Mr Bush, who recently appointed John Bolton, a stern critic of the UN, to become America's ambassador to the organisation, said that the UN must reform, improve its accountability and cut out excessive spending and waste.
The President cited the make-up of the UN Human Rights Commission, which has been dominated in recent years by countries such as Cuba, Sudan and Zimbabwe, as a particularly unhappy example of UN hypocrisy.
"When this great institution’s member states choose notorious abusers of human rights to sit on the UN Human Rights Commission, they discredit a noble effort and undermine the credibility of the whole organisation," he said.
"If member countries want the United Nations to be respected and effective, they should begin by making sure it is worthy of respect."
Mr Bush was one of the opening speakers at the three-day summit at the UN, which has been described as the largest ever gathering of world leaders.
Convened for the 60th anniversary of the organisation, the summit is intended to revisit the UN's Millenium Goals, set five years ago, and to agree a plan to reform the body.
Speaking before Mr Bush, Kofi Annan, the UN Secretary General, called the agreements made so far at the summit "a good start" but admonished delegates for their inability to find a way to achieve the ambitious reforms he drew up for the UN earlier this year.
"Let us be frank with each other, and the peoples of the United Nations. We have not yet achieved the sweeping and fundamental reform that I and many others believe is required," said Mr Annan, referring to In Larger Freedom, the plan he devised in March to restore the credibility of the UN.

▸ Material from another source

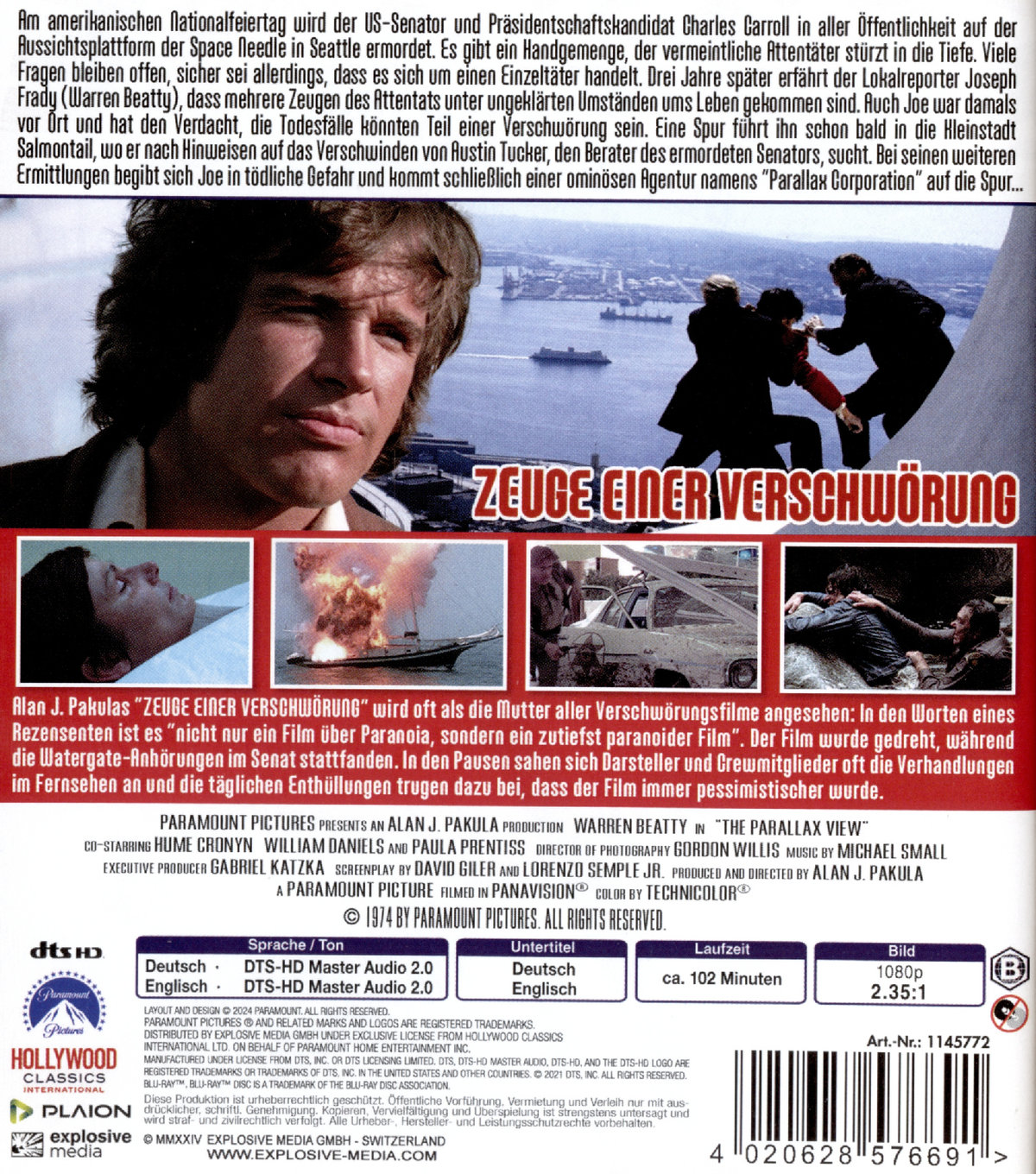Parallax beginnt mit einer Parade zum 4. Juli in Seattle - Pakula wollte "mit sonnenbeschienenem Americana beginnen, dem Amerika, das wir verloren haben" - eine Sequenz, die auf der Space Needle mit der plötzlichen Ermordung eines jungen Senators endet, der für das Präsidentenamt kandidiert. Drei Jahre später wird der obskure, verrückte Reporter Joe Frady (Beatty) von einem alten Freund angesprochen, der ihm erzählt, dass Zeugen des Attentats auf mysteriöse Weise gestorben sind. Sie hat Angst; Sie waren beide an diesem Tag dort, aber Frady hat seine eigenen Probleme. ("Möchten Sie etwas über meinen Tag hören?", antwortet er ungeduldig.) Sie tritt durch einen wogenden weißen Vorhang ein und aus - Frady hätte es besser wissen müssen -, während der Film sofort zur Leichenhalle übergeht. In Verschwörungsfilmen kommt es häufig vor, dass der "zufällige" Tod eines Alarmisten den Protagonisten dazu zwingt, sich für die Sache einzusetzen.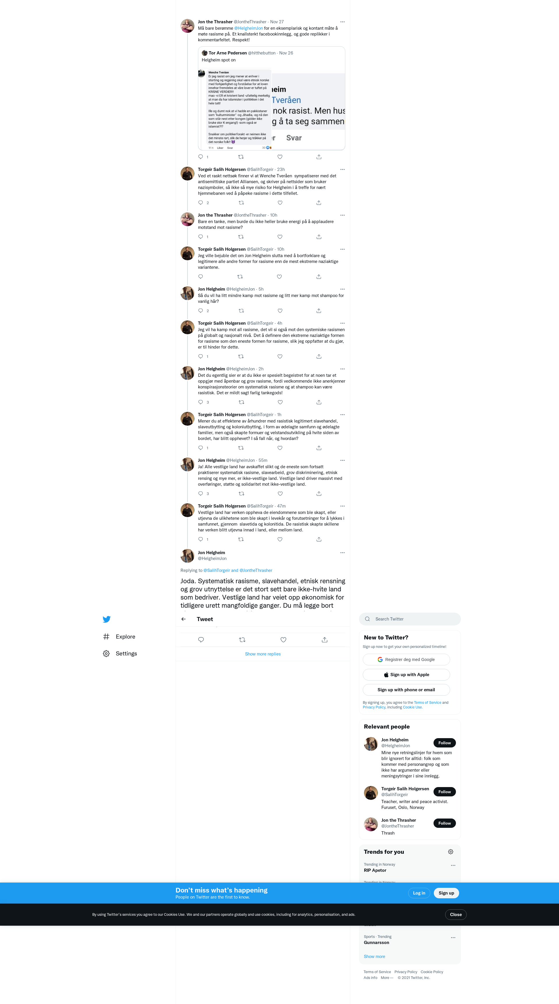 @SalihTorgeir @JontheThrasher Joda. Systematisk rasisme, slavehandel, etnisk rensning og grov utnyttelse er det stort sett bare ikke-hvite land som bedriver. Vestlige land har veiet opp økonomisk for tidligere urett mangfoldige ganger. Du må legge bort disse syke vrangforestillingene som florer i akademia.

"Our biggest failing is on nuclear non-proliferation and disarmament," said Mr Annan. "We have allowed posturing and get in the way of results. This is inexcusable."
In a thinly veiled reference to America and the recent devastation brought by Hurricane Katrina, the Secretary-General called for unity and reminded the summit that no nation can succeed without multilateral support.
"Whether our challenge is peacemaking, nation-building, democratisation or responding to natural or man-made disaster, we have seen that even the strongest amongst us cannot succeed alone," he said.
On the positive side, Mr Annan, whose second five-year term as Secretary-General expires at the end of 2006, said an additional $50 billion per year had been released to fight poverty by 2015.
Speeches will continue this afternoon and for the next two days, as representatives from every member of the UN, from Andorra to Burundi, Iraq to the Vatican, take the podium for four minutes. Tony Blair will speak twice today, first on behalf of the European Union and later as Prime Minister.
Alongside the main action in the General Assembly Hall, there will be countless bilateral meetings taking place in hotels and restaurants across New York as the hundreds of leaders cross paths in the city over the coming days.